Italian National Agency for New Technologies, Energy and Sustainable Economic Development
Innovation: from big data to big code, new ENEA algorithms are coming soon
To develop new computer codes through innovative, automatic and secure methods thanks to the Software Heritage universal archive of source codes. This is the objective of the “Bologna Big Code Lab”, a joint knowledge and experimentation laboratory born thanks to an agreement between ENEA and the University of Bologna, in partnership with Software Heritage and with the support of iFAB, International Foundation Big Data and Artificial Intelligence for Human Development.

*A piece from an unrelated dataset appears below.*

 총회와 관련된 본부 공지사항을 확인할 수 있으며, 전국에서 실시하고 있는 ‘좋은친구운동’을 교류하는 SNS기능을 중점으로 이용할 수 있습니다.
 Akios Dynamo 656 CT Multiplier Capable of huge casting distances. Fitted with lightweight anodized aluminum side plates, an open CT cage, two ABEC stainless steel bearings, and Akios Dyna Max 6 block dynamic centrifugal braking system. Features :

The project is based on Software Heritage’s immense digital library, created under the aegis of UNESCO by the French body INRIA (National Institute for Research in Computer Science and Automation). The ENEA Research Center in Bologna hosts a copy of the library. Over a three-year period, automatic systems will be developed to produce new codes quickly and reliably by drawing on and aggregating the source programs already catalogued and stored in the archive.
“Source codes are sequences of instructions, comprehensible to and modifiable by people but executed by computers. They are inside computers and mobile phones. Thanks to them, we can control satellites and produce websites and most of the objects with which we interact every day”, explains Simonetta Pagnutti of ENEA’s ICT Division, which represents the Agency in the Big Data Association.

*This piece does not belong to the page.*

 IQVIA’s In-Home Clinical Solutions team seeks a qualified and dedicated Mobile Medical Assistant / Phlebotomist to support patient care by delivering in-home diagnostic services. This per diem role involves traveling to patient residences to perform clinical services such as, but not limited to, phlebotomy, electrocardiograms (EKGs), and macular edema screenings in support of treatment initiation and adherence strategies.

Thanks to an ENEA venture, an agreement was signed with INRIA in 2019 to develop the first European institutional “mirror” of the Software Heritage archive. Since 2016, the archive has collected, preserved and enabled access to the source codes of all publicly available software in the world.
“A project of great cultural, social and scientific importance, sponsored by giants like Microsoft, Intel and Google. Navigating through the nearly twelve billion files stored in the archive, you can come across the sixty-thousand-line code that guided Apollo 11’s onboard computer, bringing man to the moon 50 years ago. Or you can browse “TAUmus”, one of the first software programs in the world behind computer music, developed in the 1970s”, the researcher continues. “What we have replicated at the ENEA Centre in Bologna is a vital backup that allows accessibility to over 170 million archived projects. Access to such a library, a true library of Alexandria of software, will provide the opportunity for researchers and scientists from the agency and university to study and analyse codes and algorithms, developing methods to extract information and produce new knowledge. So, like ‘Big Data’, we can talk about ‘Big Code’. This is an ongoing research field, still to be explored, but rich in spillovers. A field with a broad scope, bound to have an important strategic value. It opens up new opportunities for young researchers: codes are the essential component of high-performance computing, artificial intelligence and every digital application”, Pagutti concludes.

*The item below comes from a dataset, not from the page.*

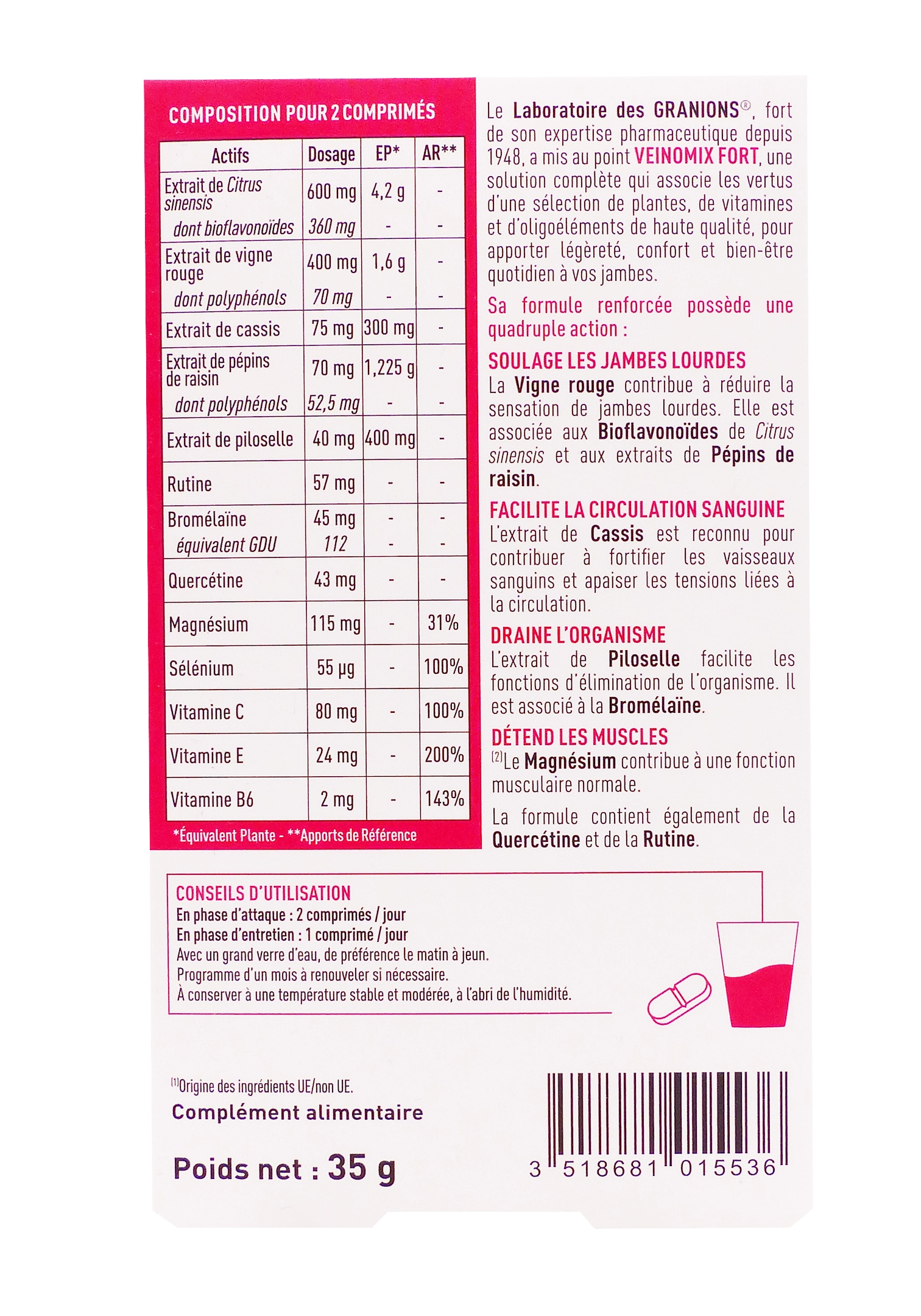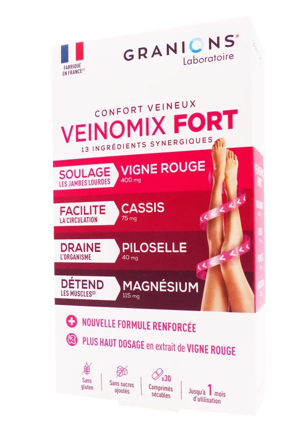 Veinomix Fort Granions 30 comprimés est un complément alimentaire 4-en-1 conçu pour soulager les jambes lourdes, améliorer la circulation veineuse, détendre les muscles et drainer l’organisme. Sa formule riche associe extraits végétaux concentrés (oranger doux bioflavonoïdes, vigne rouge polyphénols, piloselle, cassis, pépins de raisin) à des minéraux (magnésium) et vitamines (C, E, B6, sélénium) pour un soutien global du confort veineux. Boîte de 30 comprimés pour 1 mois, il cible particulièrement la rétention d’eau, la fatigue musculaire et les sensations de jambes fatiguées liées à la station debout ou à la chaleur.

In addition to research, the project will incorporate various training and digital literacy activities to reflect on fundamental issues related to the development of information technology, with the aim of enhancing awareness of the profound changes underway in the economic, cultural and social arenas linked to the increasingly widespread use of new technologies.
Recently, the first public event “Software Heritage, Universal Code Archives- Digressions on the subject” was held in the Giorgio Prodi Auditorium at the University of Bologna’s Department of Computer Science. The day-long event was dedicated to open source, the new digital archives and codes, in both their leading roles in the digital revolution and as a part of our cultural heritage and, as such, something to be preserved and protected.
The Bologna Big Code Lab project and this venture were born and developed within the framework of the Bologna Technopole. It currently houses the Data Centre of the European Centre for Medium-Range Weather Forecasts (ECMWF), and will soon host Leonardo, one of the most powerful supercomputers in the world, to be managed by Cineca. There will also be space for start-ups and research laboratories, creating the perfect environment to connect research and industrial networks.